32年目に突入!ファン層を拡大し続ける「忍たま乱太郎」の魅力をいまこそ再履修
圧倒的人気を誇る土井先生と、キャラクターたちが紡ぐ絆
なかでも、土井先生は様々なキャラクターと深い絆を結んでいることが、その圧倒的な人気を支えている理由となっている。共に一年は組の生徒たちを見守り、土井先生の命の恩人とも言える実技担当教師・山田伝蔵(やまだでんぞう/声:大塚明夫)との信頼関係や、その息子でもあるフリーの忍者・山田利吉(やまだりきち/声:岡野浩介)との友情、そして、きり丸との家族のような絆を通して、それぞれの視点からの「土井先生」像が描かれることにより、キャラクターが持つ多彩な魅力が浮き彫りとなるのだ。こうしたキャラクター像の描き方が実現できるのも、30年を超える長い時間をかけて魅力的な登場人物を丹念に描きだし、確かな関係性を物語の上で表現してきた「忍たま」ならでは、と言えるだろう。

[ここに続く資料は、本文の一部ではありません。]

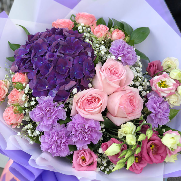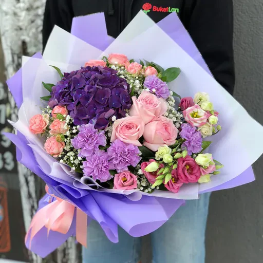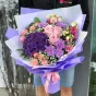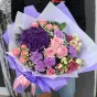 Сочетание нежно-розовых, сиреневых и фиолетовых оттенков с белыми акцентами придаёт букету загадочность, нежность и элегантность.

そして、忘れてはならないのは、“実はすごすぎる”豪華声優陣の共演ぶりだ。乱太郎には「名探偵コナン」の江戸川コナンや『魔女の宅急便』(89)のキキで知られる高山みなみ、きり丸には「ONE PIECE」のルフィ、『天空の城ラピュタ』(86)のパズーでお馴染みの田中真弓、しんべヱには「ちびまる子ちゃん」のお母さん、「クレヨンしんちゃん」のマサオくんを演じる一龍斎貞友と、国民的キャラクターを長年にわたり演じ続けるベテランが名を連ねる。
さらに土井先生を、昨年大ヒットした『鬼太郎誕生 ゲゲゲの謎』(23)の鬼太郎の父、「鬼滅の刃」の鬼舞辻無惨と幅のある演技が魅力の関俊彦、山田先生を、テレビアニメ「ブラック・ジャック」のブラック・ジャックや「ルパン三世 PART6」の次元大介と、渋く落ち着きのある声で知られる大塚明夫が演じているほか、保志総一朗、神奈延年、置鮎龍太郎、森久保祥太郎、代永翼ら、もはや“声優陣の夢の共演”といっても差し支えないほどの顔ぶれを一挙に楽しめるのも「忍たま」の強みのひとつだろう。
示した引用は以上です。